菜々緒号泣! でも、顔のシワが不自然すぎ……? 月9『好きな人がいること』また視聴率1ケタで……

sukinahito0809
フジテレビ系『好きな人がいること』番組サイトより
 フジテレビ月9『好きな人がいること』は第5話。視聴率は8.4%(ビデオリサーチ調べ、関東地区)と、安定の1ケタです。ちょっと前なら「月9が1ケタ!」って大事件でしたけど、もうすっかり慣れましたね。ちなみに裏のオリンピックは卓球男女3回戦でした。視聴者層はあんまりかぶってなさそう。  前回は、憧れの千秋(三浦翔平)と花火大会に行くことになった美咲(桐谷美玲)に、ツンデレ夏向(山崎賢人)が、唐突に「行くな」と“告白”したところまででした。これ、唐突すぎて美咲は告白だと気付かなかったようですが、さんざん「物陰から美咲を見つめる夏向」のカットが挟み込まれていたので、視聴者的には「ついに言ったか」という感じ。不器用な山崎賢人きゅんにキュンキュン! と言わせたいんでしょうが、夏向が美咲を好きになった理由は一切描かれません。「物陰から美咲を見つめる夏向」を、あれだけ見せてあげたんだから「夏向は美咲を好きってことにしといて!」という制作陣の強い意志を感じる場面です。  今回も、夏向は美咲のほうを、ずっとチラチラ見ています。ただし、花火大会に向けて浮かれまくる美咲は、そんな夏向の気持ちには全然気づきません。こともあろうか、夏向に「明日さ、ほんとに千秋さんと花火大会いくんだね」「好きな人がいるって、こんなに楽しいんだね」とか言ってきます。美咲のことが好きすぎる夏向は「お前の浴衣姿なんて誰も見たくねえんだよ! いい年して浮かれてバカじゃねーの! さっさと出てけよ、ジャマ」と、結構な高さから突き落としたりします。で、ひとりになったら壁にもたれて溜息をついたり。もうね、童貞かよと。ホントに、山崎賢人が美男であることに脚本も演出も頼りすぎてる。美男がツンデレしてれば勝手にキュンキュンしてくれる層だけをターゲットにしてる感がアリアリなんです。そんなことは初回からわかっちゃいたけど、いちおうホラ、公共の電波を使ってるわけですし、ねえ。  で、今回は美咲の千秋への想いをご破算にするための回でした。夏向のボルテージを上げといて、上がりきったところで捨てられた美咲に「オレがいんだろ、オレがそばにいてやるよ」と言わせるためだけの回。  そのために、千秋の元カノ・楓(菜々緒)に大胆なエピソードを持ってきました。
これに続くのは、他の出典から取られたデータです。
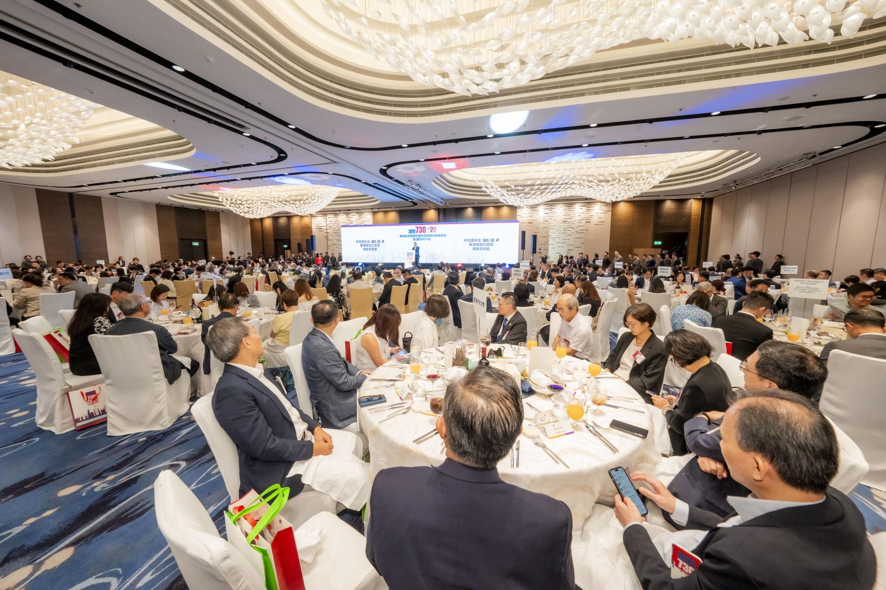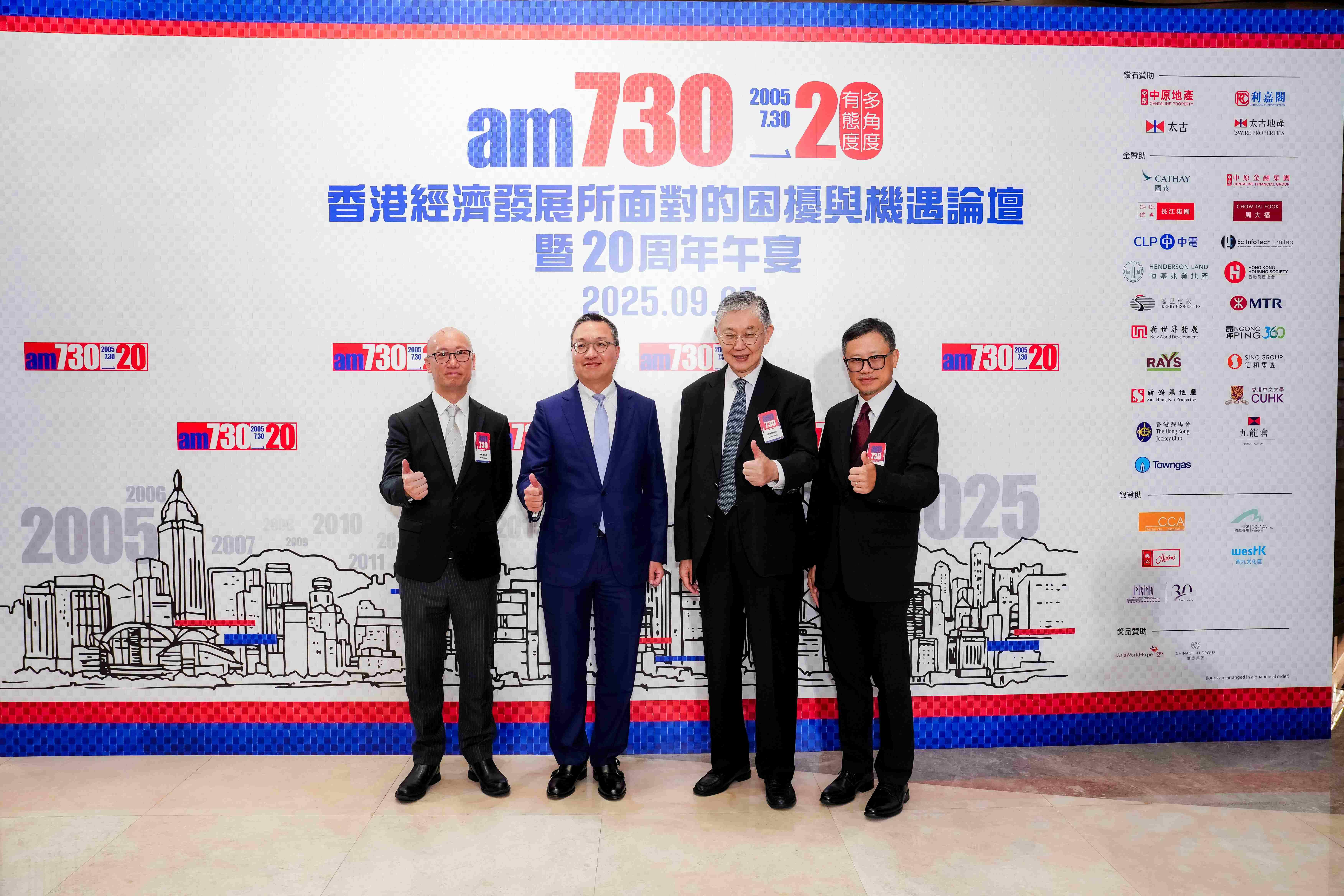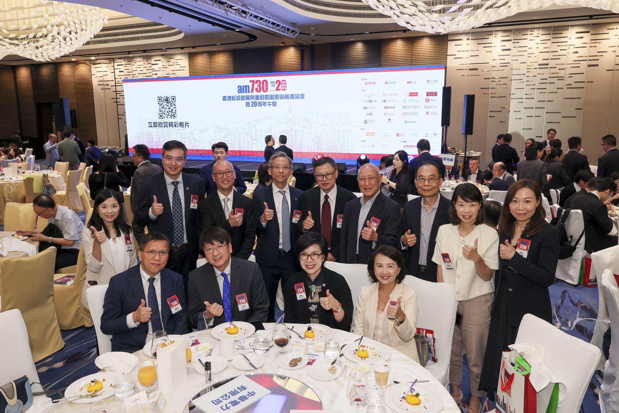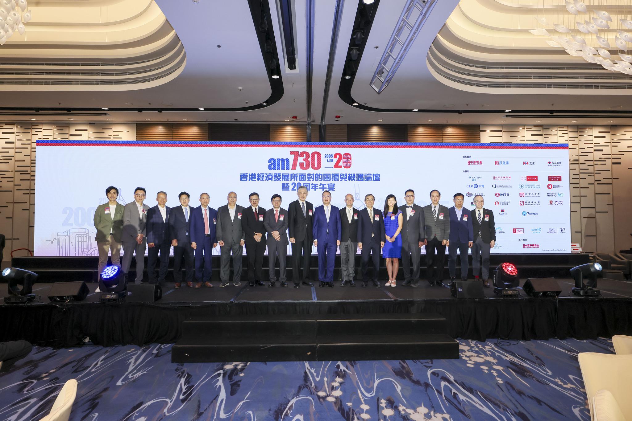 am730賀報慶20周年特別主辦「香港經濟發展所面對的困擾與機遇論壇暨20周年午宴」, 於9月5日假香港海洋公園萬豪酒店隆重舉行。當日邀得律政司司長林定國及香港大學首席副校長王于漸教授擔任主禮嘉賓,勞工及福利局局長孫玉菡、多位立法會議員、am730專欄作家、各贊助企業代表及各界好友踴躍出席,近400位政商界翹楚聚首一堂,共同探討「香港經濟發展所面對的困擾與機遇」。場面盛大,嘉賓踴躍交流,共襄盛舉!

「ボストン留学はウソでした~」と、一旦悪女に振り切った楓が、実は兄の借金を返すために六本木で働いていて、兄が千秋にも金を借りに行きそうになったので姿を消したそうで、全部は千秋のためであって、やっと借金を返し終わって、千秋とやり直すために湘南に来ていたんだそうです。「夏が終わったらボストンに帰る」とか言ってたことと辻褄が合わないし、2年間も兄の借金のためにクラブで働くという行動と楓のキャラクターとの辻褄も合わないし、楓の兄が美咲にこういう事情を全部しゃべる意味もわからないけれど、とりあえず「楓さんのところに行ってあげて!」と美咲が言って、千秋は美咲にも楓にも「ごめん……」しか言わなくなって、千秋と楓が泣きながら抱き合って、めでたく美咲は失恋。そこで夏向が用意していた「オレがいんだろ、オレがそばにいてやるよ」が炸裂したのでした。  前回、思わせぶりにネタ振りされていた兄弟の出自問題は、とりあえず横に置いておいたようです。  それにしても、菜々緒の泣き顔のシワの不自然さったらなかったですね。仏頂面の悪女役なら美しい能面だけで演じられますが、ちょっとでも表情に感情表現が入ると、もうアレです。女優を目指すみなさんは、安易に顔をアレしないほうがよさそうですよ。 (文=どらまっ子AKIちゃん)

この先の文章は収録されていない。